The recent uncovering of the genetic landscape of BTC demonstrates this to be a heterogeneous disease influenced by both anatomic location within the biliary system and on geographic region (Hezel et al, 2010). This will not only make clinical study increasingly challenging, but also much more likely successful, as we should aim to parse out subgroups of patients from each other to test the impact of the new and promising therapeutic targets that have emerged in BTC.

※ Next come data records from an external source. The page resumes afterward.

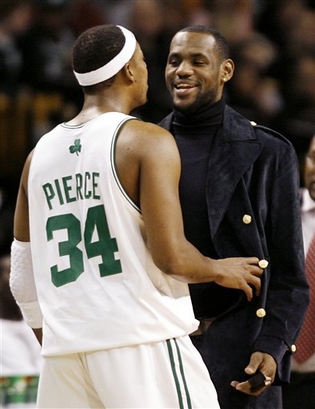 因伤缺战的詹姆斯赛前与皮尔斯寒暄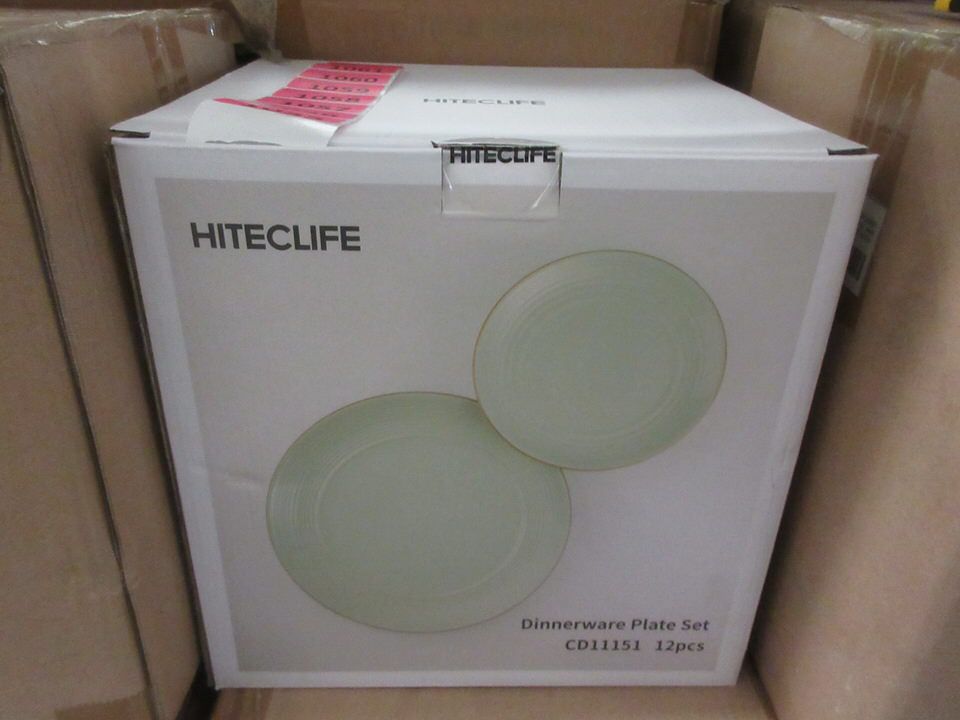 Set of 12 New Ceramic Dinnerware Plates - Ice Blue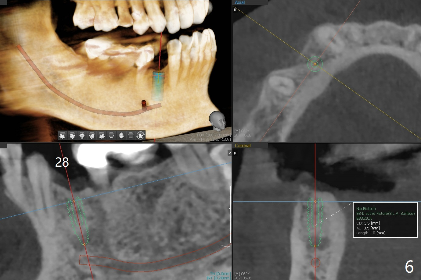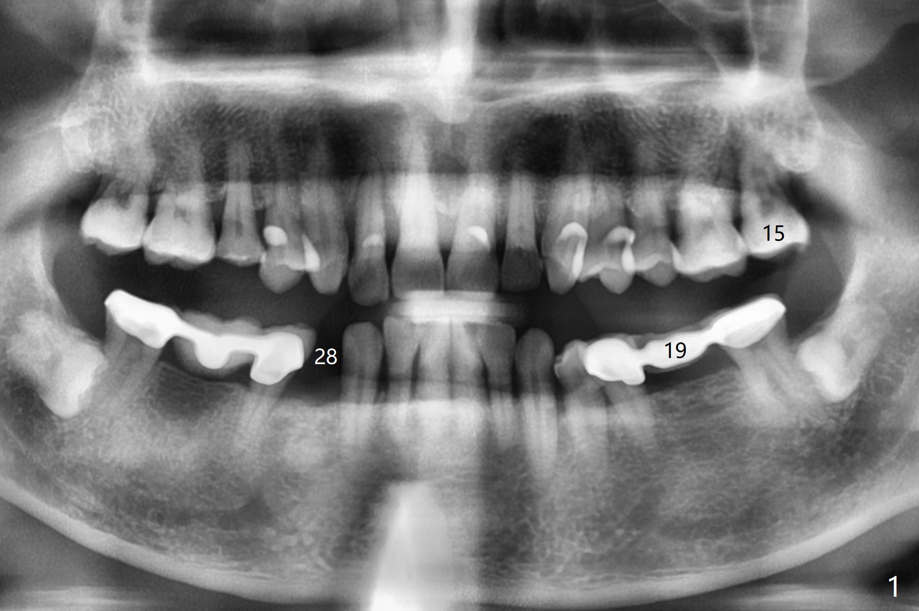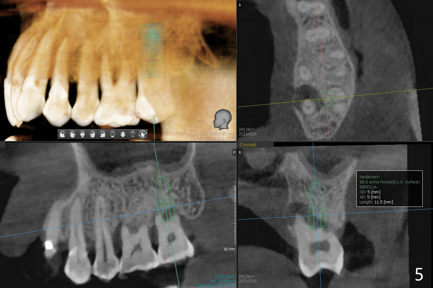 A 62-year-old man with sign of bruxism (#19 porcelain chip (Fig.2), 28 fracture/extraction) complains of severe mastication pain at #15 (Fig.1). More severe pain is elicited when the buccal cusps bite on a bite stick than the palatal one (Fig.3 with suspicious crazing lines). CT shows bone loss around the palatal root (Fig.4 P). A 5x11.5 mm implant will be placed immediately (Fig.5). The bone at #28 is able to hold a 3.5x13 mm implant (Fig.6). It is extremely difficult to take photos for 2nd molar crack line with a regular camera (Fig.3). The Shining Oral Scanner acts additionally as an intraoral camera. As a busy clinician, I do not have time to take photos for #19 porcelain chip. My assistants take over the task. After work, I am able to have bumper harvest. With the information just mentioned, I will be in a better position to present a more comprehensive treatment plan to the patient when treatment at #15 is finished: remove #18-20 bridge, place an implant at #19 and fabricate new crowns at #18 and 20.
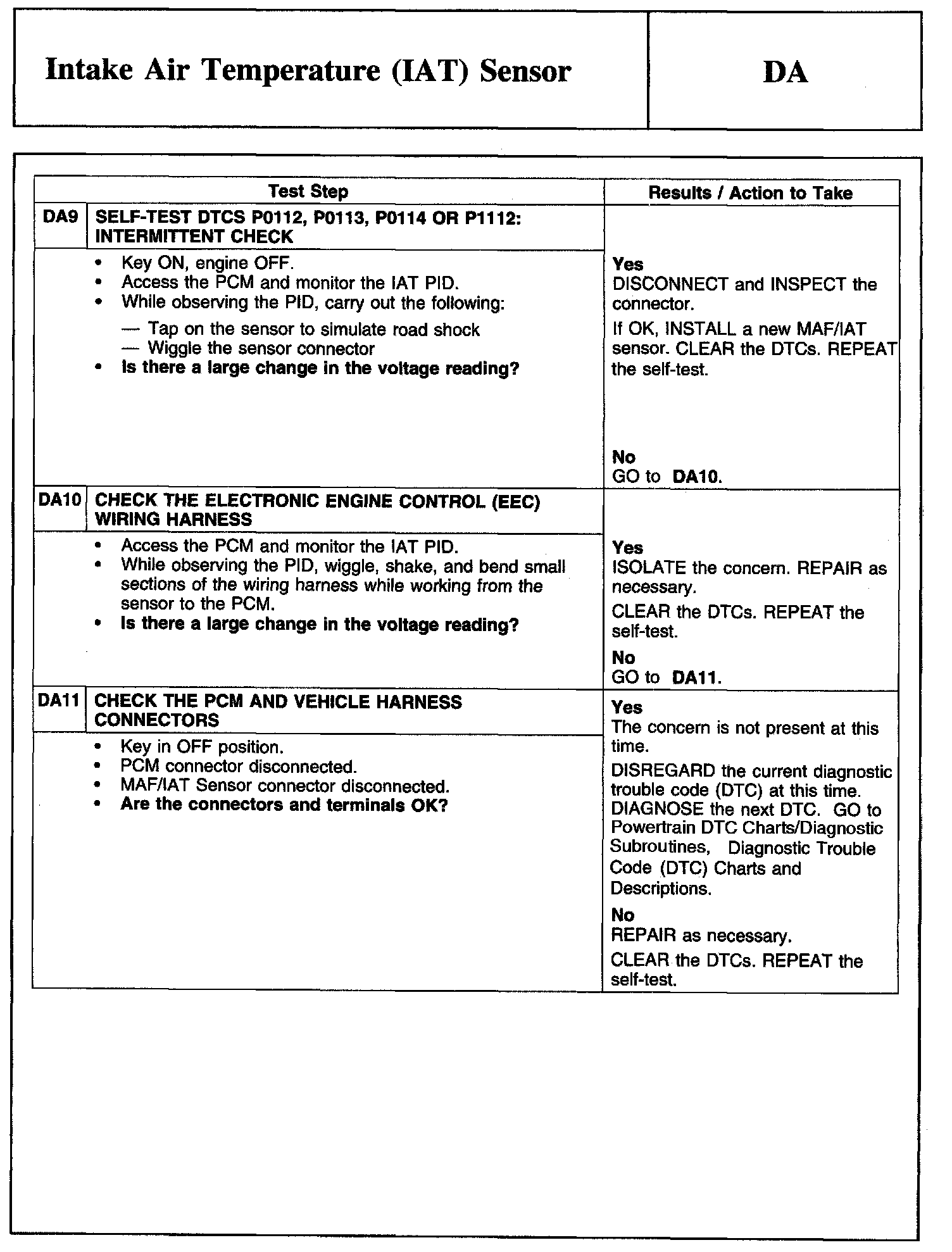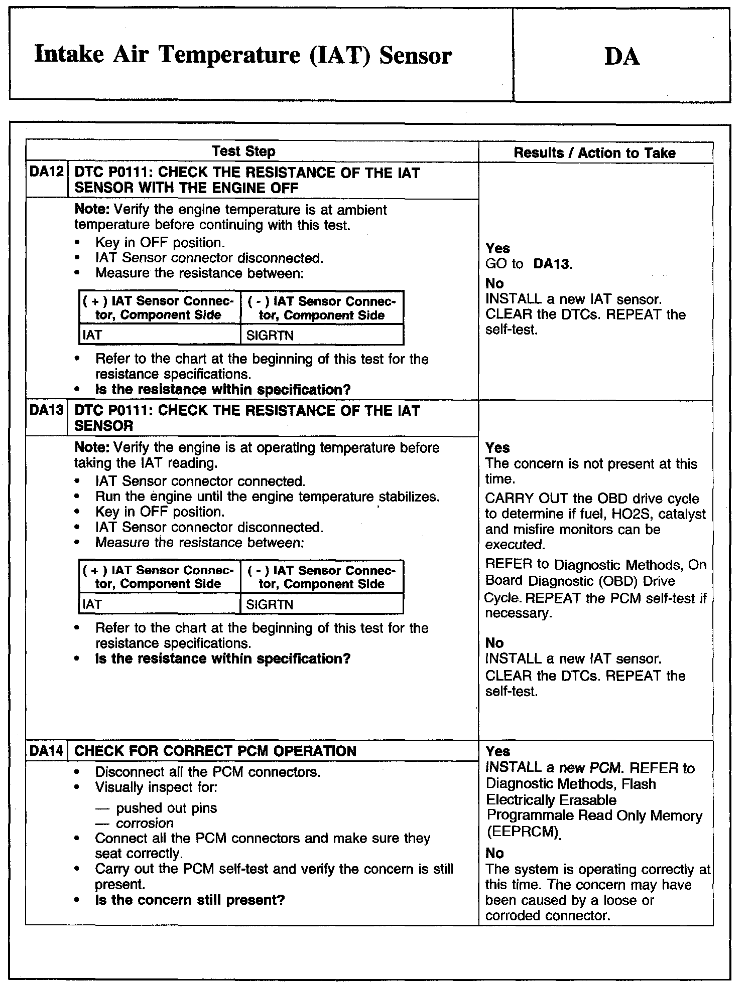 Tests DA: Intake Air Temperature (IAT) Sensor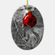 Pen and ink drawing of a squirrel climbing in a Christmas tree. The squirrel is surprised by seeing its own reflection in an ornament. The shiny red ball stands out against the black and white drawing, emphasising how strange it must be to the squirrel to see itself.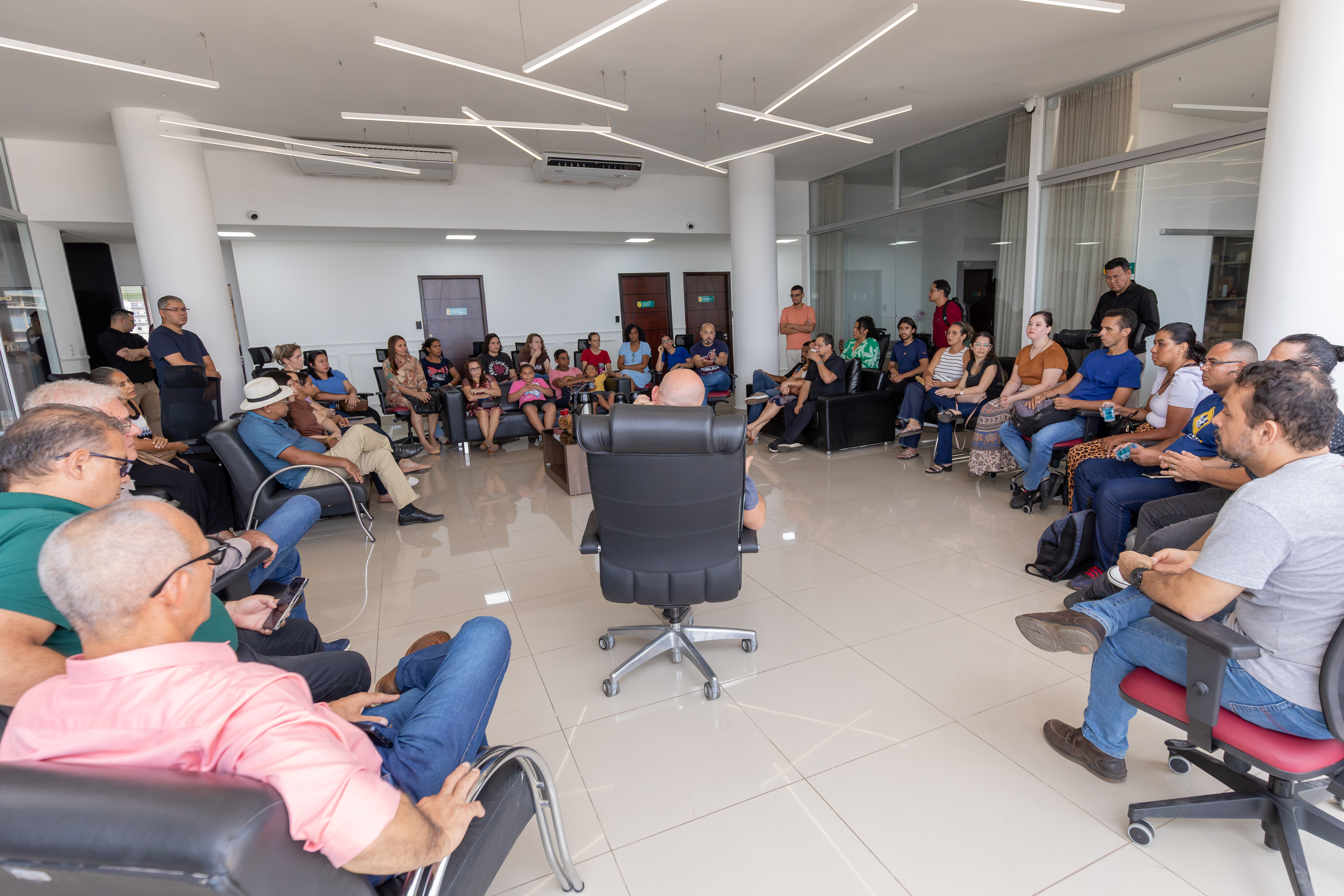 Participaram da reunião o vereador Mário Nadaf, a secretária de Comunicação, Ana Karla, a presidente do Sintep de Cuiabá, Marivone Pereira, e sua equipe, que somavam quase 50 professores da rede municipal.
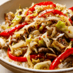 A quick and flavorful stir-fry with juicy ground beef, crisp cabbage, and bell peppers tossed in a bold black pepper sauce. This dish is perfect for busy weeknights and delivers takeout-style flavor in just 25 minutes.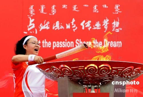 7月10日,奧運(yùn)火炬在內(nèi)蒙古赤峰傳遞。赤峰末棒奧運(yùn)火炬手中國著名演員斯琴高娃在玉龍廣場點燃圣火盆,奧運(yùn)火炬在內(nèi)蒙古進(jìn)行的傳遞結(jié)束。 中新社發(fā) 廖攀 攝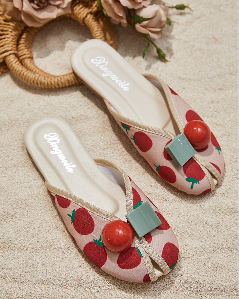 Style:Casual,Chic Type:Slippers Material:PU Pattern Type:Fruit & Vegetable,Geometric Occasion:Daily Toe:Peep Toe Heel Height:Flat Package Include:1* Slipper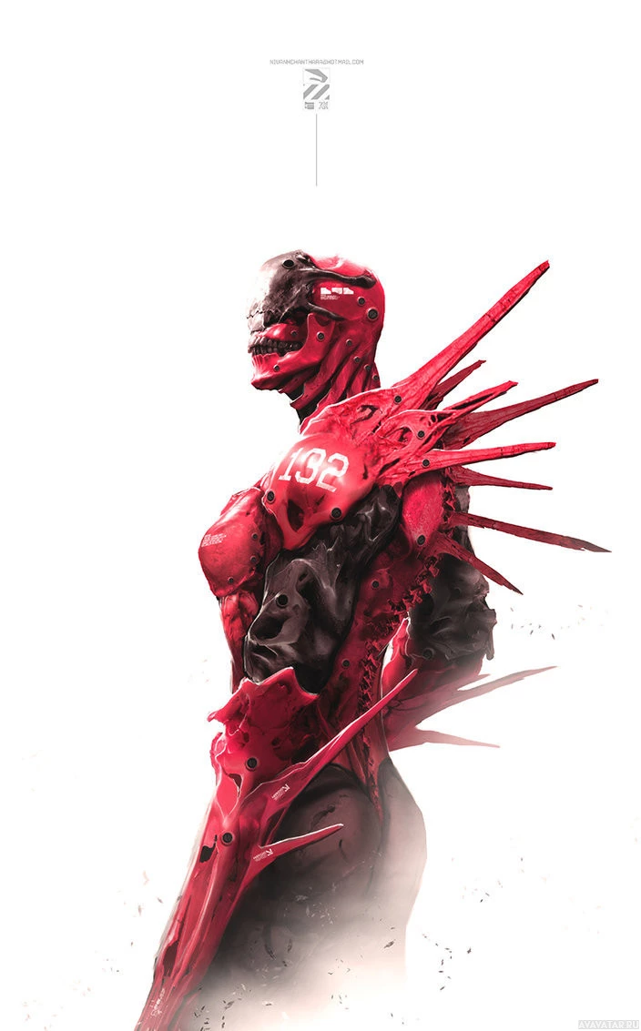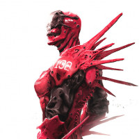 a humanoid robot with spiky, red or dark-colored armor. It has a sleek head design and is depicted in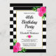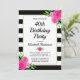 Este belo e clássico design apresenta flores cor-de-água rosa pintadas manualmente contra um fundo de alto contraste de listras brancas e pretas. No centro está uma área branca de cor dourada contendo o texto personalizável para seu dia especial em tipografia popular e elegante.
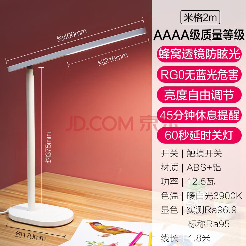 商品相册:欧普照明(OPPLE)AAAA级书桌宿舍卧室儿童无蓝光台灯护眼灯学生学习台灯 米格2M第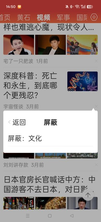 4、如果是整个推送不喜欢,建议屏蔽关键词,不让后续推送此类资讯阅读了。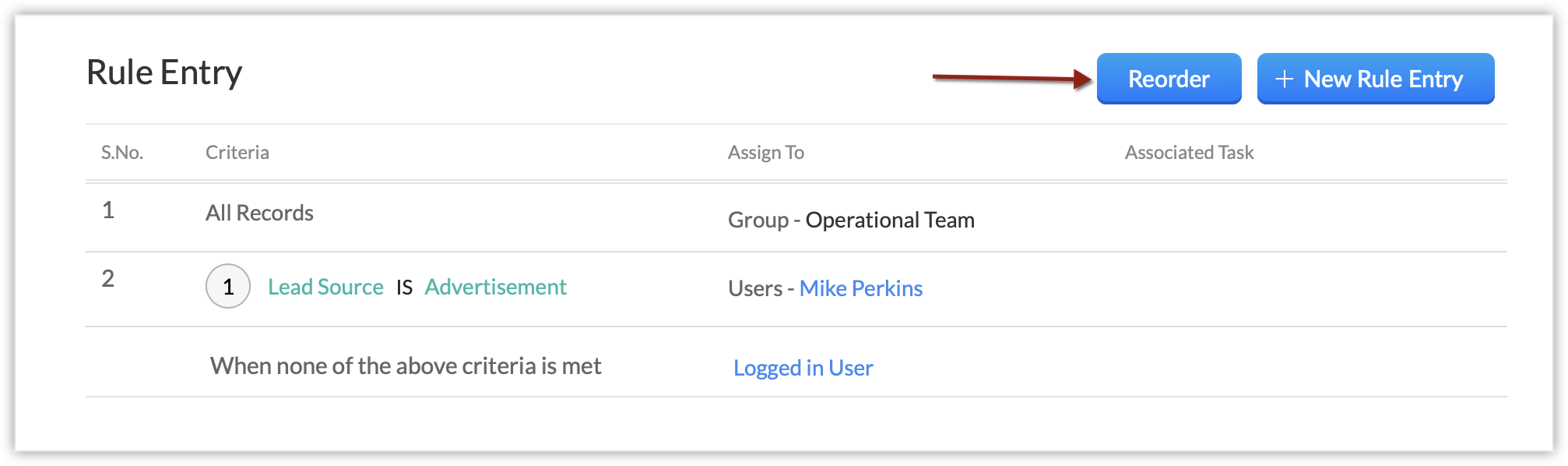 De exemplu, trei intrări de reguli sunt create cu criterii diferite și vrei ca aceste criterii să fie evaluate într-o ordine specifică. Dacă reordonezi intrările, regulile de atribuire vor verifica automat înregistrările conform regulilor în ordinea de preferință și vor atribui înregistrările pe baza primei reguli pentru care se califică.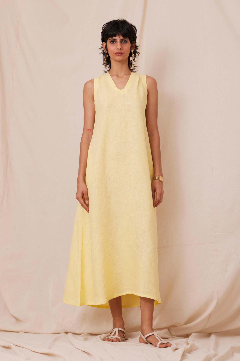 Suave linen dress, ideal for summer. Sleeveless with single pleat collar. In-seam pockets. Shipped with a slip.

Predicting response to treatment stratified by genetic subtype may spare patients unlikely to respond to targeted therapy unnecessary toxicity, and it may result in cost saving for the healthcare system. At this time the role of anti-EGFR therapy in BTC is modest, with variable results and negative, though relatively small, unselected randomised trials. The prognostic or therapeutic significance of KRAS testing in BTC is unknown highlighting the importance of continued analysis with subsequent trial design. We realise that limitations of our study include single-arm phase II design, which may lead to selection bias and presently survival data is not yet mature. The single group nature of our phase II design precludes definitive conclusions on the added efficacy of panitumumab when added to GEMOX. Nonetheless, here we report the combination of GEMOX and panitumumab with a response rate of 45% in evaluable patients was well tolerated and led to a relatively favourable mPFS and OS. Although further randomised trials excluding KRAS mutant patients may demonstrate a benefit, this would need to be balanced against using efforts and resources in evaluating other new promising targeted agents in BTC and ongoing efforts at genetic stratification to better guide therapeutic approaches.